Strong Purchase Demand Drives Solid Week For Mortgage Applications

Mortgage applications surged last week, posting a strong rebound as declining rates and improving market sentiment drove broad-based gains. The Mortgage Bankers Association (MBA) reported a 7.9% increase on a seasonally adjusted basis for the week ending April 17. Both refinance and purchase activity contributed to the increase, with the Refinance Index rising 6% from the previous week and standing 52% higher than one year ago. Purchase applications showed even stronger momentum, climbing 10% week over week and up 14% on an annual basis — a notable shift after recent softness.

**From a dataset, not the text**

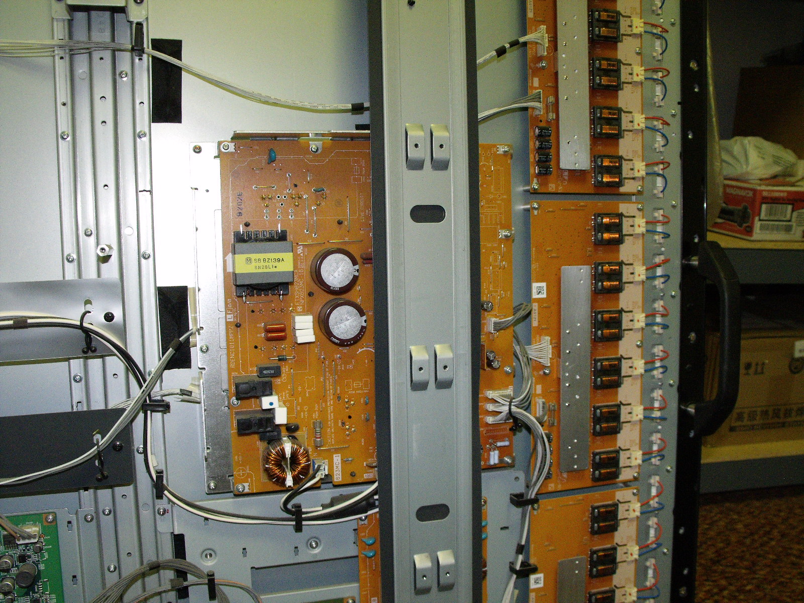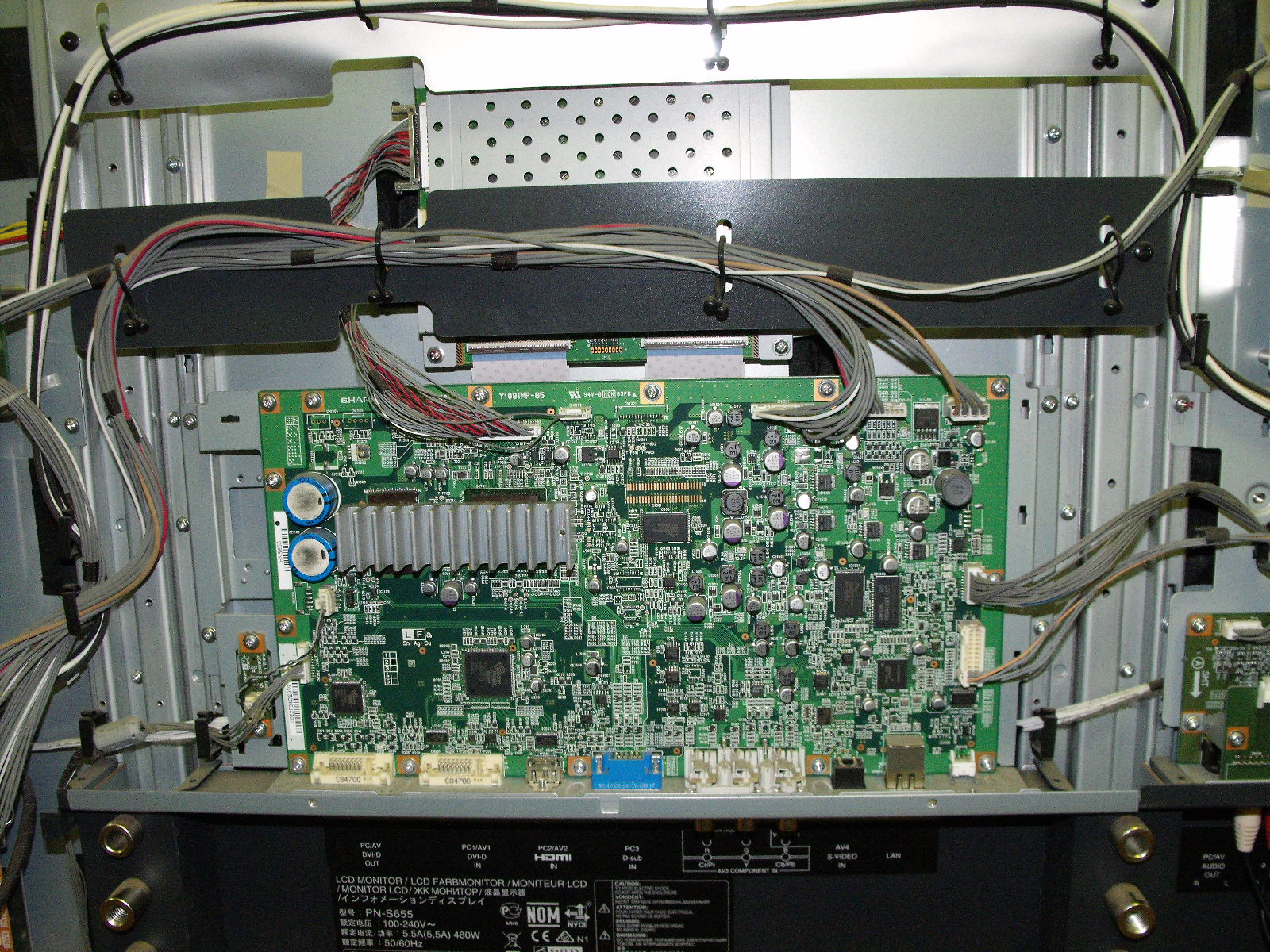 I have a huge Sharp PN-655 LCD monitor and it weighs a ton. What happens is I turn it on and it goes through a couple screens then off with green light flashing constantly on the front. I have a link for the video of what I see below. I did all basic checks for bulged caps or signs of heat and nothing so I though maybe a TCON??? any and all help is appreciated.

The improvement comes as mortgage rates moved lower, with the average 30-year fixed rate declining to 6.35% . The drop was driven in part by easing geopolitical tensions and lower oil prices, which helped stabilize financial markets and restore some borrower confidence. MBA’s Mike Fratantoni said, ” Mortgage rates declined last week as financial markets responded positively to the Middle East ceasefire and the lower trend in oil prices… purchase application volume increased an even stronger 10 percent and was up 14 percent compared to last year’s pace. Despite the geopolitical uncertainty, housing demand is being supported by a still resilient job market, and homebuyers are experiencing a buyer’s market in most of the country… ” Application composition shifted slightly away from refinancing, with refinance share decreasing to 44.2% from 45.5% the prior week. ARM share also declined to 8.0% . FHA share held steady at 18.2% , while VA share decreased to 15.0% and USDA share remained unchanged at 0.5% .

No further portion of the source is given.